A total of 147 subjects completed the study. The post treatment follow up was through 3 months. The primary endpoint was clinically significant pain relief with stable or reduced pain medication usage; secondary endpoints were related to improved quality of life. After 3 months of follow-up, 65% of patients experienced substantial pain relief at the site of ExAblate® treatment. Pain relief was observed within 3-7 days after the procedure and coincided with improvement in quality of life. The procedure is non-invasive (i.e., no surgical scars) and is generally performed on an out-patient basis.
ExAblate® MRgFUS is not suitable for all patients.

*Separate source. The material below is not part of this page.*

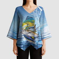 Add a chic touch to your wardrobe with the Mahi Mahi and Tuna Fish Kimono Sleeve Blouse Fishing Ocean Water Background and Nautical Compass Elements from Wonder Print Shop. Designed for versatility, this V-neck blouse features flowing kimono-style sleeves and a relaxed fit — perfect for both casual and dressy occasions. Crafted with premium polyester fabric, it offers a soft, lightweight feel for all-day comfort.

Patients who have any of the following should inform their doctor so that he or she can make good treatment choices with you.
If you cannot safely undergo MR imaging, you may not be a good candidate for the procedure. For example, any metallic implants must be non-magnetic to prevent injury to the patient from the MR's strong magnetic field.
If your physician has told you that you have a bone that is fragile and may break or needs surgery to be stabilized, or has already been stabilized with surgical implants, you may not be a good candidate. The cancer itself as well as cancer treatments may cause the bone to weaken and fracture.
If you have extensive skin scarring in the areas that would be treated, you may not be a good candidate for the procedure.
Please discuss all of these conditions with your physician so your doctor can properly evaluate your suitability for the ExAblate® therapy.
The most common potential risks associated with the ExAblate® procedure is pain and discomfort (mild, moderate and severe) related to the delivery of the ultrasound energy to the bone; this dissipates shortly after the sonication (approximately less than 1 minute) and can be managed with judicious use of anesthetic, analgesic and sedative medications administered by your physician. Occasionally, patients may experience post-procedure pain which usually resolves within a few days.
If a nerve was located close to the designated area for ablation or close to a bone in the far beam path, you may feel pain during sonications, or numbness, or pain immediately after the treatment or during the following few days. If you experience pain in a nearby area during the sonication, you should tell your physician so he or she can check for the presence of nearby nerves in the beam path.
Longer term risks include bone fractures, which may occur at any time as a result of the bone metastases weakening the bone, prior radiation therapy, or the ExAblate® procedure.